Ao longo dos últimos anos fomos apresentados a essa nova “entidade” controladora de nossas vidas: Vossa Excelência, o algoritmo. Ele se transformou numa espécie de fatalidade, de destino. A promessa é mais ou menos a seguinte: entendendo quem você é, conhecendo seus hábitos e suas buscas, empresas, políticos e “movimentos” se tornam cada vez mais eficientes na tarefa de antecipar o seu desejo ou, no pior cenário, manipulá-lo.
O subtexto é simples: você é uma pessoa risivelmente previsível. O algoritmo seria apenas o mapa da sua previsibilidade. Eu sei o que você fez no verão passado e aposto que saberei (dado que você não é lá uma pessoa muito surpreendente) o que pessoas “do seu tipo” vão fazer no verão seguinte. Darwin mostrou que dois lagartos idênticos, separados e vivendo em ilhas apartadas, tomam caminhos evolutivos completamente distintos para se adaptar a meios diferentes. Se substituirmos “ilha” por “bolha”, veremos que, tais como os lagartos de galápagos, tendemos a nos parecer cada vez mais com os répteis da nossa ilha e nos distinguir dos irmãos lagartos da ilha ao lado. Talvez passemos até a devorar o outrora nosso parente na primeira oportunidade. O problema com a previsibilidade é que ela nos torna criaturas desinteressantes.
Os biomas mais ricos são os mais diversos. A Amazônia é mais rica do que o Saara em função de sua diversidade de fauna, flora, minerais, variações climáticas, rios etc. Restrito ao algoritmo, você aos poucos se transforma num deserto de ideias e passa representar fielmente o estereótipo da sua ilha: um lagarto típico. Regina Casé costuma dizer em suas palestras que é o terror dos algoritmos. Por quê? Porque suas amizades e interesses abrangem leques de gente tão amplos que dificilmente se encontrariam para tomar um chope.

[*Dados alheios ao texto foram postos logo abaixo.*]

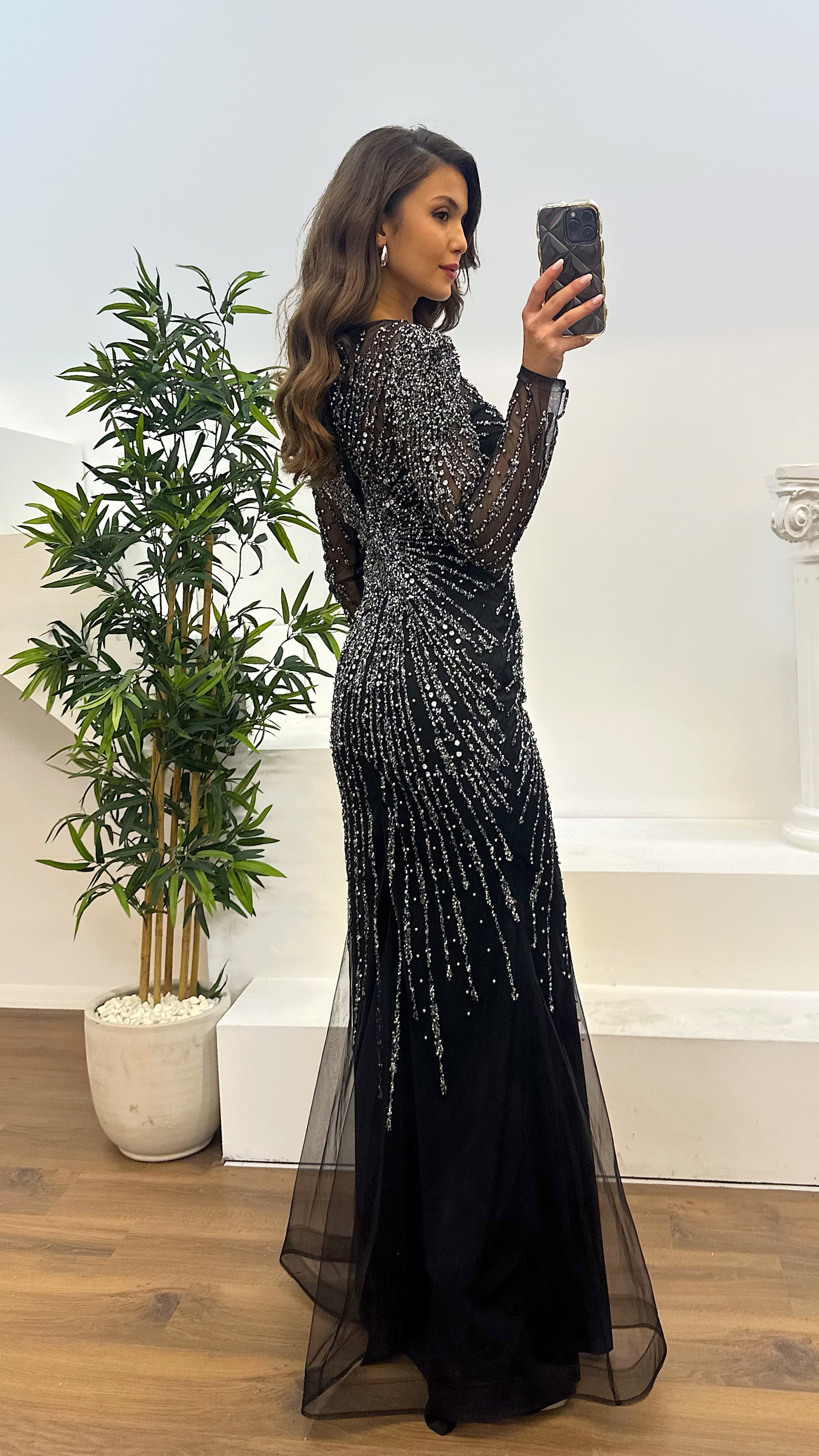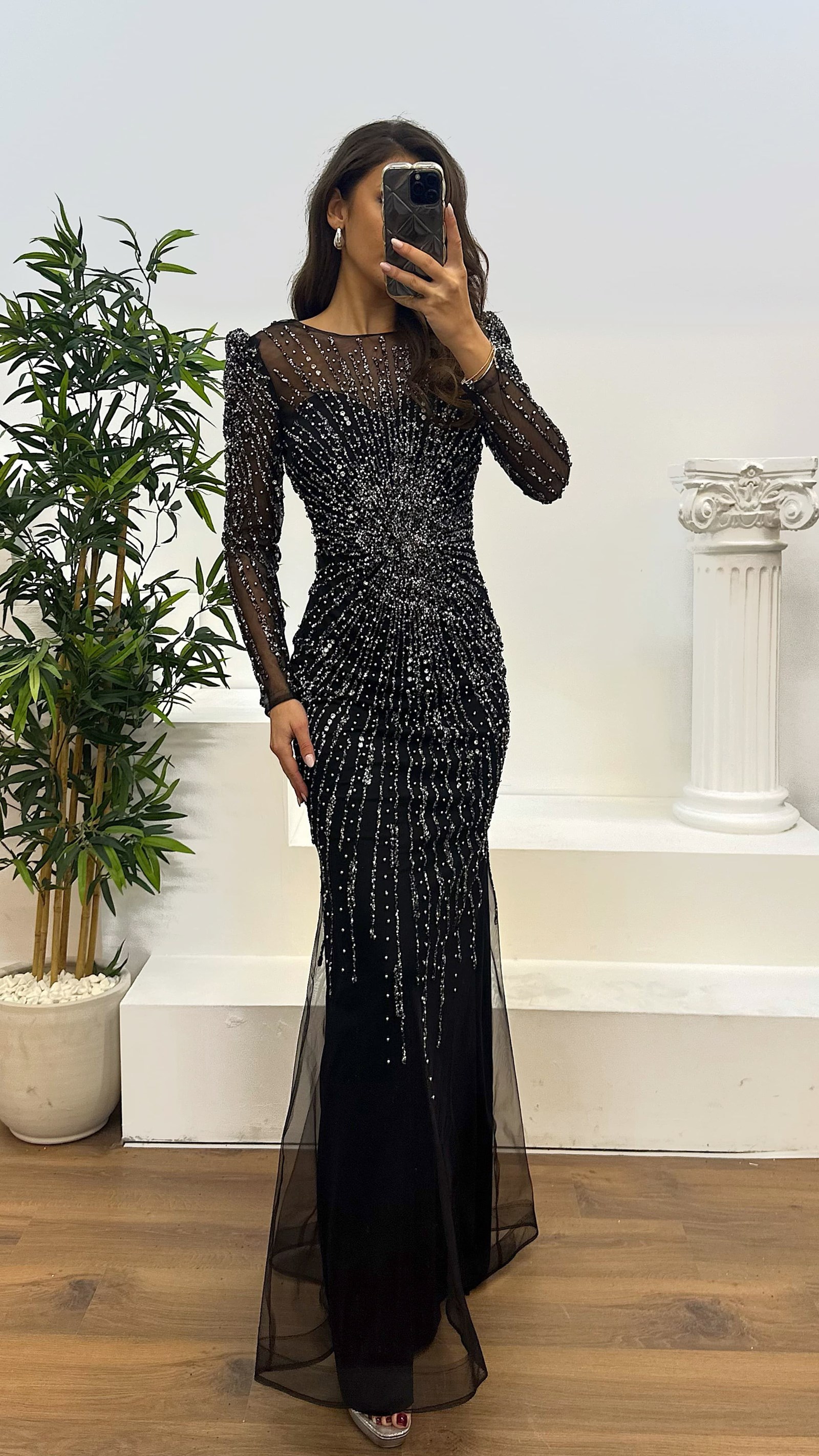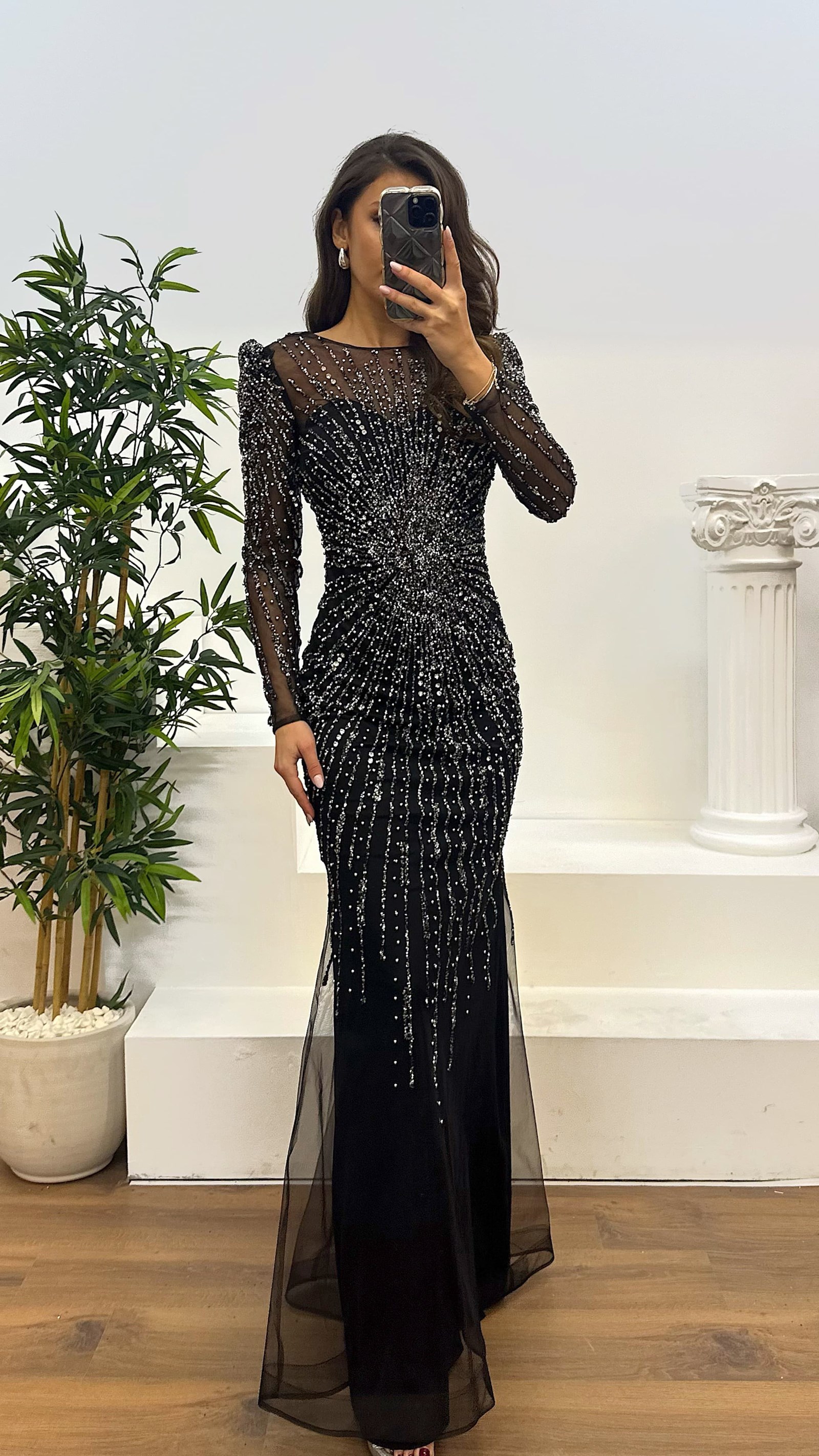 Embroidered Evening Dress The product is suitable for sizes 36 to 44, featuring breast padding, lined, with a back zipper closure, and designed as an embroidered evening dress. The product length may vary between 165-170 cm. The product sleeve length is 60 cm. Fabric type: tulle with 3% Lycra and 97% Polyester.

Regina funciona como uma espécie de elo entre as ilhas. O algoritmo pira com Regina Casé porque ela não respeita a geografia bem demarcadinha das ilhas e das bolhas. Regina Casé é amazônica! Na década de 1970, o neurocientista Paul MacLean apresentou a teoria do cérebro dividido em três unidades, que seriam na verdade três camadas históricas. A camada mais recente seria o neocortex, responsável pelas funções executivas, pelo pensamento abstrato e pela inventividade; a camada intermediária seria o sistema límbico, o cérebro dos mamíferos, responsável pela afetividade; e a camada mais arcaica, o cérebro reptiliano (que compartilhamos com os répteis), responsável pelas respostas instintivas e emoções mais primárias: agressividade, falta de empatia, raiva e medo.
Desconfio que aprisionados em nossas ilhas, nos comportemos cada vez mais como répteis, destilando emoções primárias e nos distanciando da capacidade de gerar as pontes afetivas dos mamíferos e embotando definitivamente a inventividade e capacidade de pensamento lógico do neocortex demasiadamente humano. Os lagartos ilhados tornam-se neofóbicos: toda diferença e novidade é encarada como ameaça. Na “bolha” agimos como animais de sangue frio. O algoritmo é ilha que esfria nosso sangue e desumaniza porque reforça o réptil em nós. Então, aproveitando que o ano apenas começa, sejamos mais amazônicos e menos desérticos. Sejamos mais humanos e menos répteis frios. Sejamos menos previsíveis e mais interessantes! Vamos enlouquecer os algoritmos com mais improbabilidades, experimentando mais, convivendo mais, destruindo muros, construindo pontes. Desalgoritme-se!